Mr. Wills’s shotgun symbolizes the importance of vulnerability in masculine roles. In the beginning of the story, the gun is, in the community’s eyes, an expression of Mr. Wills’s over-the-top masculinity. The narrator’s first description of Mr. Wills’ gun links the weapon to what he perceives as Mr. Wills’ hyper-masculine, irrational anger, as he describes Mr. Wills watching his watermelon patch vigilantly, often with a gun under his arm. By guarding the melon every night with his shotgun, Mr. Wills projects an image of an obsessive and cruel father and husband: the narrator’s parents assume that he is neglecting his sick wife in his vigil over the melon, and the narrator thinks he cares more about the melon than his own daughter. The community furthers this impression by spreading the rumor that he loads his gun with buckshot: they believe that Mr. Wills is so irrationally over-protective of his property that he would kill someone to save a watermelon. Through all this gossip about the gun, the community therefore draws norms around masculinity and concludes that Mr. Wills deviates from those norms.

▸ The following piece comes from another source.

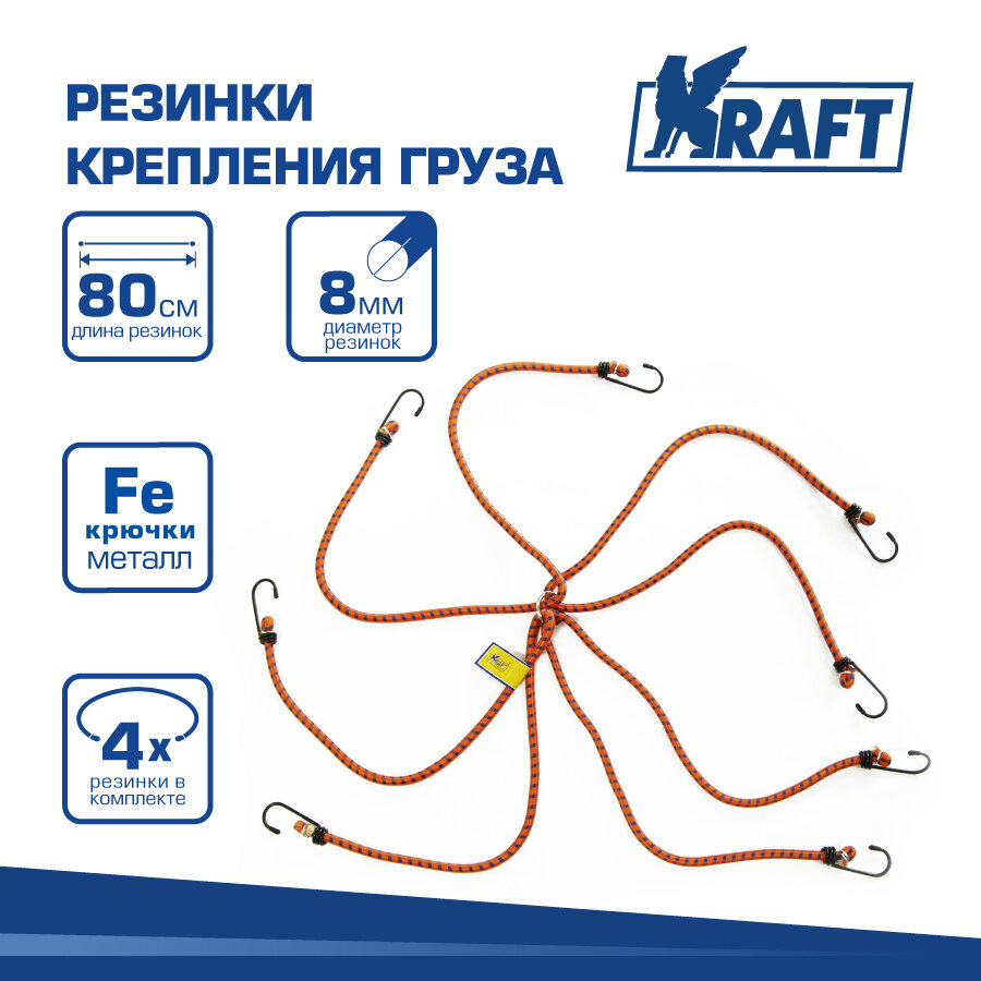 KRAFT KRAFT Набор резинок Паук 4 шт. 80 см , D=8 мм (метал.крючки) KT860004 KRAFT KT860004 KRAFT KT860004

However, after the watermelon is stolen, the story ties Mr. Wills’s gun to a new expression of vulnerability, bringing him back within the accepted boundaries of masculinity. By “hurling the shotgun over his head” when he realizes the melon is gone, Mr. Wills’ throws away the symbol of overprotection. While the destructive rampage that ensues horrifies the narrator, Mr. Wills ends that destruction by talking quietly and “crying in such strength,” demonstrating a level of vulnerability he had not shown before. Far from ignoring his wife, Mr. Wills reveals that he was protecting the watermelon so diligently because he wanted to give it to her to cheer her up. The gun therefore comes to represent his care for his family. Further, when the narrator confesses, instead of angrily reaching for his gun as the narrator expects, Mr. Wills is vulnerable and honest, communicating his pain at having lost the watermelon and his shame at his own destructive behavior. Finally, by showing the narrator that the gun was really filled with salt pellets the whole time, Mr. Wills proves that he was not being irrationally overprotective, but instead acting within communal norms. By the end of the story, the gun therefore demonstrates Mr. Wills’s model masculinity, one that now expresses vulnerability and care as well as strength.
Shotgun Quotes in The Taste of Watermelon
He broke the shell in his strong fingers and poured the white salt out into his palm.
“You see?” he said.
“Yes, Sir,” I said, taking a deep breath. “I see.”
I went on, then, and the next year started that very day.